Ad ogni modo, sia che si aderisca a questa impostazione, sia che ci si
mantenga, invece, fedeli al canone in base al quale la normativa europea non
può avere effetti in malam partem, resta il problema dell’ammissibilità del rinvio
mobile o formale, contenuto nell’art. 32 della legge più volte citata. Le ricadute
sul piano della legalità sono evidenti e basterebbe solo questo a paralizzare
l’applicazione del regolamento comunitario.
La necessità che il rinvio ad una fonte diversa dalla legge, in caso di norma
penale in bianco sia fisso
296, è sostenuto da più parti: pur nella consapevolezza
che la tecnica di rinvio recettizio risulti in concreto poco efficace rispetto alle
esigenze di aggiornamento continuo di talune materie, si ritiene che sia l’unica
ammissibile in quanto conforme all’art. 25, co. 2, Cost.
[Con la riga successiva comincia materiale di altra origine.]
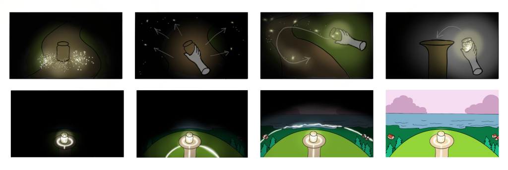 Various fireflies are scattered around the space. The user is introduced to the game mechanics. There is a Jar and the user can either catch the fireflies and put it in the Jar or they can just use the jar to collect them.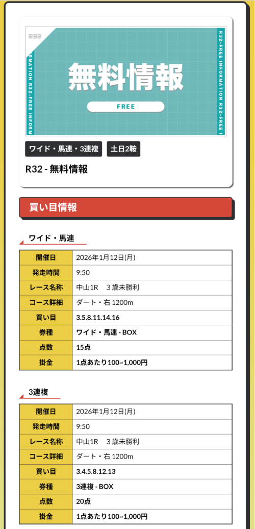 土曜から無料情報の買い目公開あるのでお見逃しなく!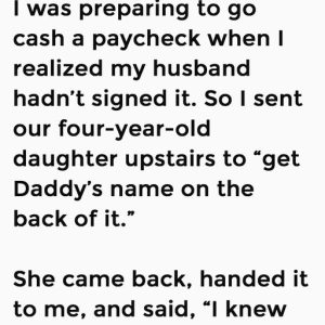 I was preparing to go cash a paycheck when I realized my husband hadn’t signed it. So I sent our four-year-old daughter upstairs to “get Daddy’s name…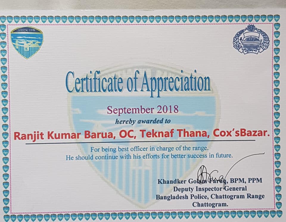 উল্লেখ্য, ইতিপূর্বে কক্সবাজার জেলায় ৫ বার ও চট্টগ্রাম রেঞ্জ -এ এবার সহ ৩ বার শ্রেষ্ঠ ওসির সম্মাননা প্রদান করা হয় রনজিত কুমার বড়ুয়াকে।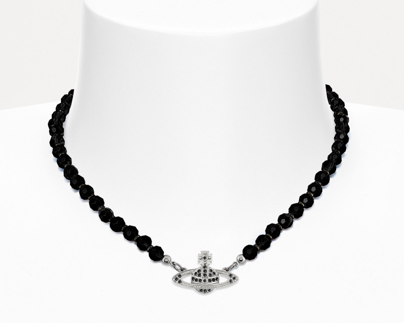 Or, for a more subtle look, opt for the Messaline Choker instead—featuring hand-knotted black agate crystals, a signature orb pendant, and jet black crystal embellishments.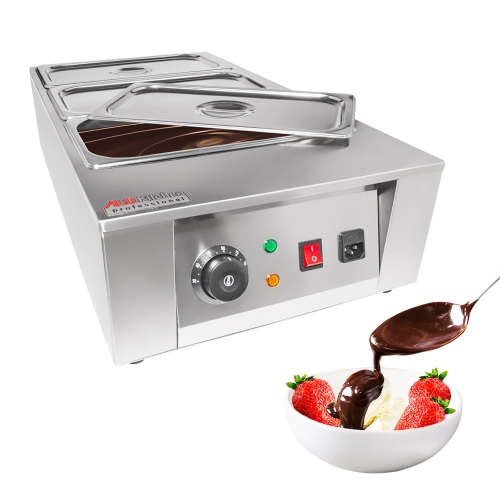 With this stainless-steel 3-tank melting pot, it is possible to warm up to 27 lb (12 kg) of chocolate and other sweet ingredients like candies, etc. The machine is electric and featured with a water-heating system. Due to high-quality materials, the appliance is reliable and can be extensively used both at home or at a bakery/cake/chocolate business. The machine looks stylish and beautiful in any interior.

È sufficiente accennare al fatto che tale tecnica di rimando ad altra normativa
mal si presta ad essere utilizzata rispetto alle norme comunitarie a carattere
tecnico, a causa dei frequenti mutamenti cui queste ultime sono di regola
soggette. Tuttavia, rispetto alle norme comunitarie appena ricordate, ostico
296 Il rinvio recettizio o fisso si ha nel caso in cui la norma rinviante faccia riferimento solo alla norma esplicitamente richiamata, cristallizzandone così il contenuto precettivo.